Today, if the GOP nominated Jesus and the 12 apostles, I'd vote for the other party. Sometimes I fantasize about seeing some poor sucker with his car sporting a GOP bumper sticker in a ditch hoping for roadside assistance, perhaps on Wildrose Canyon Road in Death Valley. I ask him to produce his original birth certificate.
This is a struggle between Good . . . and Evil. And getting Jesus to run as a Republican would have to be the biggest scam anyone ever pulled on the Lord himself -- bigger than Trump University.
Anyway -- He wouldn't do it. I have enough faith to see that clearly. Still, who knows what webs they weave, when they practice to deceive? Remember the old story about Jesus being tempted in the desert?
Let me tell you about Donald Trump. I know about Donald Trump firsthand.
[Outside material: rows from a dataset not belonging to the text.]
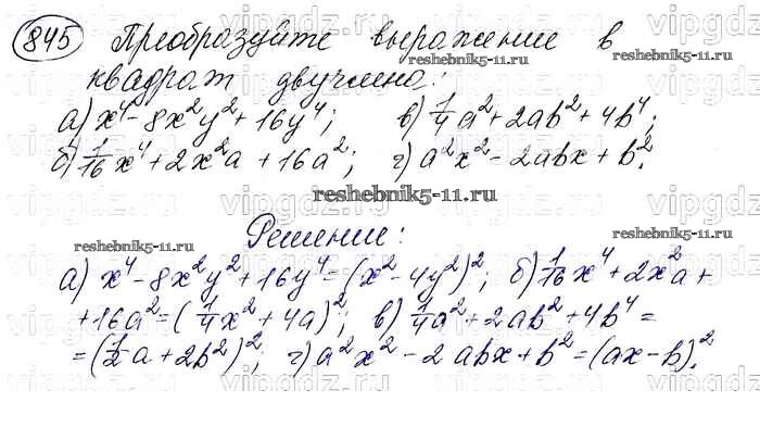 Готовая домашняя работа с ответами по Алгебре за 7 класс Макарычев, Миндюк, Нешков, Суворова Учебник Просвещение 2015 ФГОС - Упражнения 845
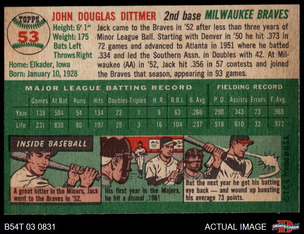 1954 Topps #53 Jack Dittmer 6 - EX/MT
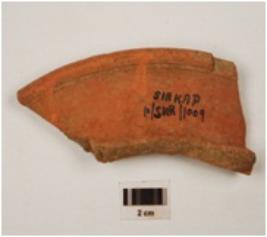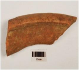 | Description / विवरण | Fragment of jar of red ware, treated with red slip on the exterior, has horizontally splayed out rm, depression inside and concave neck. |

You don't want anyone like that near 1600 Pennsylvania, anywhere near Langley, Virginia, or anywhere else than where they came from, with good wishes for their future prosperity.
And as for that, a person is better off knowing where they came from, who they are, and what that means for expectations of a happy life. Don't punctuate your politics with delusional perceptions of your personal importance.
[For Barbara — the Glitter Pirate who hijacked my stunted heart, and still possesses it 40 years later.]